Taxpayer Allowed to Treat 90% of Sales on Tribal Land as Exempt

Oct 10th, 2013

The New Mexico Taxation and Revenue Department recently released a ruling that allowed a taxpayer in Shiprock, New Mexico to treat 90% of its gross receipts as exempt sales to tribal members.

Federal law prohibits a state from taxing sales of tangible personal property to tribal members if the sales are made within the tribe's territory. To show that a sale is not taxable for this reason, a taxpayer typically needs to get a signed statement showing that the sale is to a tribal member. The Secretary of the Taxation and Revenue Department may also approve other methods of showing the sale is to a tribal member.

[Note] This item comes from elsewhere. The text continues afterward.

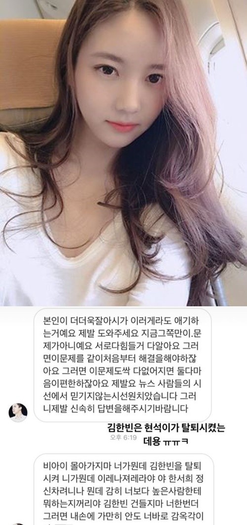 이에 한서희는 “비아이(본명 김한빈)는 양현석이 탈퇴시켰다”라는 글을 덧입혀 반박했다.

The taxpayer sold prepared food within the Navajo Nation's territory in Shiprock, New Mexico. Approximately 96% of the residents of Shiprock are Native American and assumed to be members of the Navajo Nation, according to 2010 Census data. The taxpayer wanted to know if it could use Census data to determine the percentage of customers who are members of the Navajo Nation when calculating the amount of tax the taxpayer owed. The taxpayer proposed to assume that 90% of its sales were sales to tribal members rather than obtain a signed statement for each sale. The taxpayer could then remit tax on 10% of its gross receipts.

The Department approved this plan. The taxpayer would need to recalculate the percentage of exempt sales with each Census.